Exxaro Resources Limited (JSE: EXX) has navigated through a challenging landscape in recent years, with various factors exerting pressure on its share price. The company has faced a formidable array of obstacles, from heightened inflation to pricing fluctuations in the commodity market, coupled with challenges such as load shedding and ongoing issues within South African state-owned entities like Transnet. This has been reflected in its year-to-date share price decline of over 12%, prompting investors to exercise caution.
However, amidst these challenges, there is anticipation building around Exxaro’s upcoming earnings report scheduled for March. This pivotal moment holds the potential to reshape the company’s trajectory. As we stand on the cusp of this significant announcement, the question arises: How does Exxaro’s current positioning compare to its past? It’s worth noting that in its previous report, the company fell short of expectations, missing targets on both its top and bottom lines. With uncertainty lingering in the market, investors eagerly await insights from Exxaro’s upcoming report, seeking clues about its ability to navigate through the turbulence and emerge stronger.
Technical
On the daily chart, a descending channel is in play, with the price action finding support at the Fibonacci midpoint near R175.76. The 25-SMA (green line) has crossed below the 50-SMA (blue line), signalling a bearish tilt, as the price has also fallen below the 100-SMA (orange line).
If support at R175.76 holds, a pivot could occur to send the price back toward the dynamic resistance of the channel in a pattern continuation. A supply zone is established near R184.74, and any breach of this level could trigger a breakout from the channel, potentially setting up a bullish trend reversal. Resistance at R192.87 and R198.37 could then act as pivot points to catalyse a potential retracement, but a lack thereof could result in a test of the psychological resistance at R206.19.
However, the bears could be enticed to pile into a more prolonged selloff if the support at R175.76 fails to initiate a retracement.

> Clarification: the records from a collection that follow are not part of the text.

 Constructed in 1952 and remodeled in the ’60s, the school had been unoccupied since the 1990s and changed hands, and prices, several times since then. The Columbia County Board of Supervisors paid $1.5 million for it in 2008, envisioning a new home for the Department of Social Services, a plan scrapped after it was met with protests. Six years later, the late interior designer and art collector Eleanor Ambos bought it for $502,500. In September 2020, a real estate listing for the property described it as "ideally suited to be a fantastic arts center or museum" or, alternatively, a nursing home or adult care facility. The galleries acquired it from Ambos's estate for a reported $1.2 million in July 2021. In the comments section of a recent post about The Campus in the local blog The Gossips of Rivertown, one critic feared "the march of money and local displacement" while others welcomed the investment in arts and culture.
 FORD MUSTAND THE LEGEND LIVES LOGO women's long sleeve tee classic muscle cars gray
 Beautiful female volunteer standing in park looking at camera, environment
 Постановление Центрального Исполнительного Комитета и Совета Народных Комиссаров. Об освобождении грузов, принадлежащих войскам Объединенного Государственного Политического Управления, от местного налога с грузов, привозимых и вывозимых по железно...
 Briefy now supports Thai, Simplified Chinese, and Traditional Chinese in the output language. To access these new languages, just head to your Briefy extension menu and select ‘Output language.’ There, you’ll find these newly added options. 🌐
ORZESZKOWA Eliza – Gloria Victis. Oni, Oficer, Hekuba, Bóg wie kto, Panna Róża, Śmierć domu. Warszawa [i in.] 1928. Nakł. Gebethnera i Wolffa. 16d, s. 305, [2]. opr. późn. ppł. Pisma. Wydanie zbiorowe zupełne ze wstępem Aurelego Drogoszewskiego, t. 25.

Lower support is established at R171.63, and an additional breakdown at this level could force the price toward the 61.8% Fibonacci golden ratio at R168.57. This level could be psychological in holding buyers to challenge the momentum. However, the lack of a retracement could trigger another leg down toward R162.12 in the longer term.
Fundamental
In 2023, Exxaro’s share price contracted by nearly 6% despite a recovery in the second half of the year. This return underperformed the JSE Top 40 index, which returned just over 5% in the same period. However, it outperforms its competitors in African Rainbow Minerals and Thungela Resources, which realised share price declines of 31% and 46%, respectively. The declines come as a result of a challenging year in the coal market and logistical issues from Transnet. In the 2017/2018 financial year, Transnet hauled 77 million tons of coal, a number which fell toward 48.7 million tons in 2022/2023. This decline came at a crucial time when prices of fossil fuels ticked up to record highs amid surging demand from Europe in the wake of Russia’s invasion of Ukraine. Transnet now expects to transport approximately 49 million metric tons of coal in the year to end 31 March to the Richard’s Bay port, which remains well below its 60 million ton target, suggesting ongoing headwinds.

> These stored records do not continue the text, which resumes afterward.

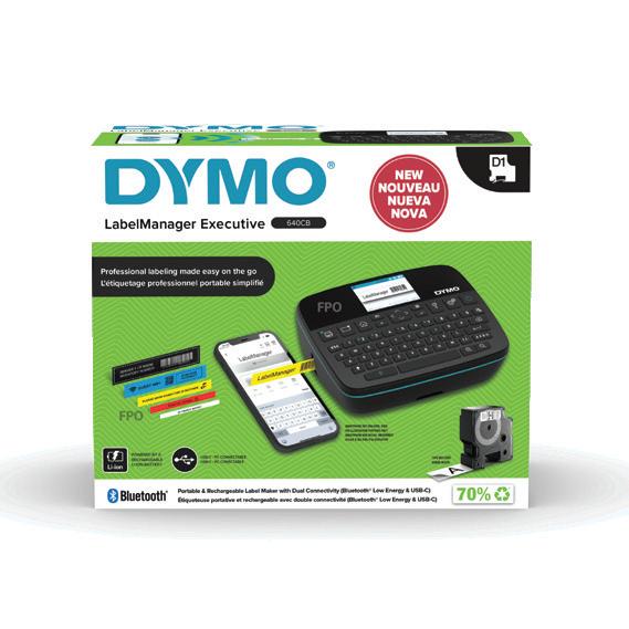 LabelManager® Executive 640 CB tekee merkintöjen tekemisestä helppoa missä tahansa. Ladattava litiumioniakku ja kompakti rakenne tekevät siitä ihanteellisen liikkuvaan käyttöön. Teksturoitu otepinta takaa miellyttävän käsittelyn, ja korkearesoluutioinen näyttö tarjoaa erinomaisen luettavuuden sekä monipuoliset toiminnot etikettien vaivattomaan luomiseen. USB-C liitetävä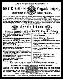 Im Jahr 1884 begann Mey zusätzlich mit der Produktion von Celluloid-Waren. Er errichtete dazu 1887 ein Zweigwerk zur Herstellung von Cellulosenitrat und Zelluloid im preußischen Eilenburg, aus dem 1890 die selbstständige Deutschen Celluloidfabrik Actiengesellschaft und später das Eilenburger Chemiewerk hervorgingen. Mit der Herausgabe des ersten illustrierten Warenkatalogs im Jahr 1886 gilt Mey als Begründer des deutschen Versandhandels.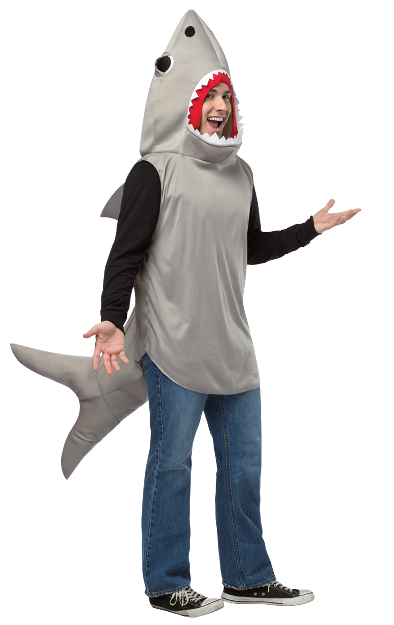 The Adult Shark Costume consists of a light grey tunic that comes in the shape of a sharp-toothed shark. The tunic fits on over the head and features a shark tail and its pointy, white teeth. Your head will poke through its mouth, so you can be sure to catch all those fish before your competition gets there first!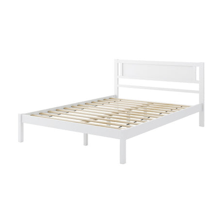 Wooden Platform Bed with Headboard and Slat Support-Queen Size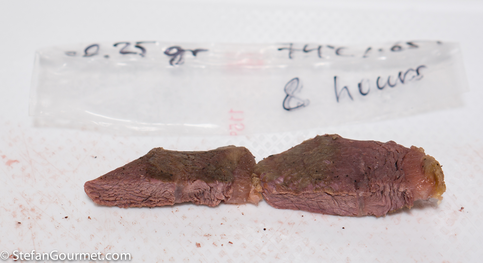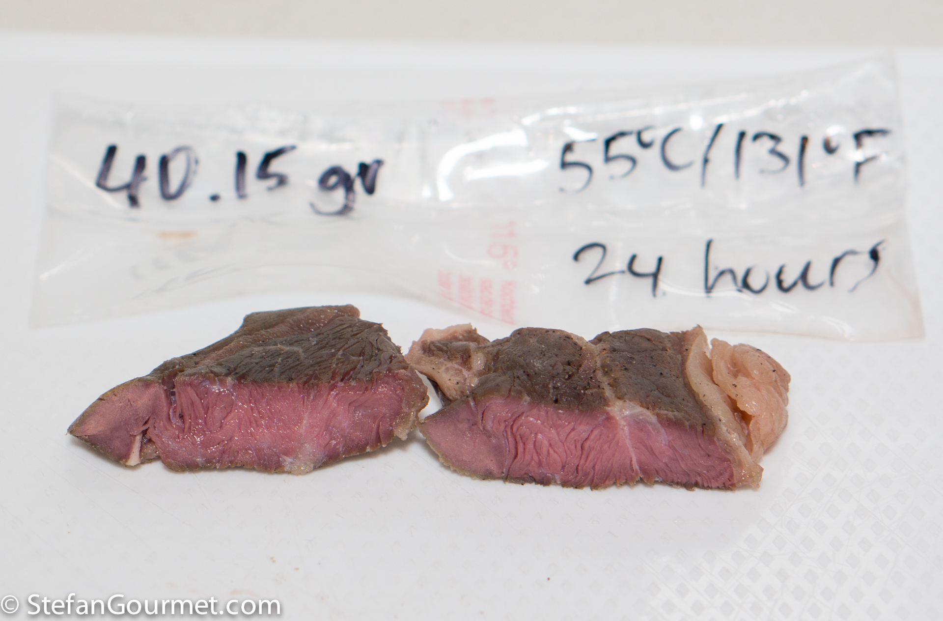 After 8 hours at 55C/131F the steak was again slightly less red, and slightly more tender than after 15 minutes or 4 hours. The weight loss was about 14%, but the difference in juiciness while tasting was ‘too close to call’. The connective tissue still very tough and not really edible.

A large part of the share price decline was due to coal price decreases over the year, as shown in the chart below. The decline in coal prices was attributed to a decline in demand due to sufficient gas and coal stocks in Europe, Japan, Korea and Taiwan (JKT). Warmer than usual winter temperatures added to the decline. As a result of the lower sales prices, lower sales volumes, and the logistical issues the company faced, its revenue for the six months ended 30 June 2023 declined by 15% to R18.94Bn. Revenue from its coal business declined from R21.69Bn to R18.13Bn, resulting in a 28% decrease in group EBITDA to R7.66Bn.

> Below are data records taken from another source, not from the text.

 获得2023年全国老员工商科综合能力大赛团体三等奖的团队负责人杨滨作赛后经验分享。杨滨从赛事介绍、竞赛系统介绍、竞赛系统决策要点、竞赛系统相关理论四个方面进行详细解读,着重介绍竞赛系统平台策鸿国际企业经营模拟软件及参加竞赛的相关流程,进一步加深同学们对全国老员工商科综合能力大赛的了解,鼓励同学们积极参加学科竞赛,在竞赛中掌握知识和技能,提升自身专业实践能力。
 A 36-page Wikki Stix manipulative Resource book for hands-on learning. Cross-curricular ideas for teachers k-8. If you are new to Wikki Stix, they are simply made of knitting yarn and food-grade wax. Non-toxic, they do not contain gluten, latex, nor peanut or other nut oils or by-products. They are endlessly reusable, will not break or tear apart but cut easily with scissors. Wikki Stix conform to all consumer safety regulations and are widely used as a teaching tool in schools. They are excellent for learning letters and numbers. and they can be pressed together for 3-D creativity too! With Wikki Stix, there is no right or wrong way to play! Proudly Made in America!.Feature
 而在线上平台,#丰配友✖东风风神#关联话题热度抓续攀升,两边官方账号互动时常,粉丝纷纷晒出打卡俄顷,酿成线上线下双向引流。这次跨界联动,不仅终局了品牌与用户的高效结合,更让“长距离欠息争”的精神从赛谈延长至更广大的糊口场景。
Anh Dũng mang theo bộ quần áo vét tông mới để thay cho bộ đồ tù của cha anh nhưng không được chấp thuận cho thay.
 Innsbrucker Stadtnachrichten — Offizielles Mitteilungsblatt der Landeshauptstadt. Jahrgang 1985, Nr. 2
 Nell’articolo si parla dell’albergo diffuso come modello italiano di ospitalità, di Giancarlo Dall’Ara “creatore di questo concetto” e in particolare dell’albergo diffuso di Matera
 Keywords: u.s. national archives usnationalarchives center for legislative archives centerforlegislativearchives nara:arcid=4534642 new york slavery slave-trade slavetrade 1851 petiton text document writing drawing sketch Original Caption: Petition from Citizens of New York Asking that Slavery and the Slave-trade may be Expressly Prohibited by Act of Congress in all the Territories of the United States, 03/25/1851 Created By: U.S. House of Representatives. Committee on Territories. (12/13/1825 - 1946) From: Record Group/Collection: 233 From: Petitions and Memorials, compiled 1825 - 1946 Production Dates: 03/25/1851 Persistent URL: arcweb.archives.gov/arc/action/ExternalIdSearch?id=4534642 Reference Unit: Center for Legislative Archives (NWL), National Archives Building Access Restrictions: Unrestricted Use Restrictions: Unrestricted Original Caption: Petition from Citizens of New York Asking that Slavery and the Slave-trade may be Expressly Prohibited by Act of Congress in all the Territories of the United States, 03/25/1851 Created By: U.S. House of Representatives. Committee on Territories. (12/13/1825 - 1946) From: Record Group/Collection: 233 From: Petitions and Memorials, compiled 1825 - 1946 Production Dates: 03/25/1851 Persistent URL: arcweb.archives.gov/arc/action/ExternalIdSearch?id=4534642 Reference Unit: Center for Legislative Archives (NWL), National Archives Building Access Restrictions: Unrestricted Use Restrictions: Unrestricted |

So, what can we expect from the full-year results to be released in March? Exxaro mentioned in its pre-close message that the continuous and ongoing constraints in the domestic economy relating to load-shedding and logistic supply limit future productive potential. However, there is optimism regarding the strong Chinese thermal coal imports, which could remain supportive of prices despite uncertainty around the severity of Europe’s winter and the potential risk around natural gas availability. In Europe and JKT, winter restocking could also drive prices higher in the first quarter of 2024, likely to be supported by increased economic growth in India and China. However, its coal business will continue to be impacted by low commodity prices and logistical challenges. It will be interesting to see if the company can alleviate the effects of external factors on its business through its optimisation programme that focuses on achieving efficiency across its value chain.
Summary
Exxaro started the new year on the back foot, having already lost close to 12% of its share price. Logistical challenges and macroeconomic headwinds continue to pave a challenging way forward. However, a crucial earnings report awaits one that could alter the share price trajectory in the upcoming months.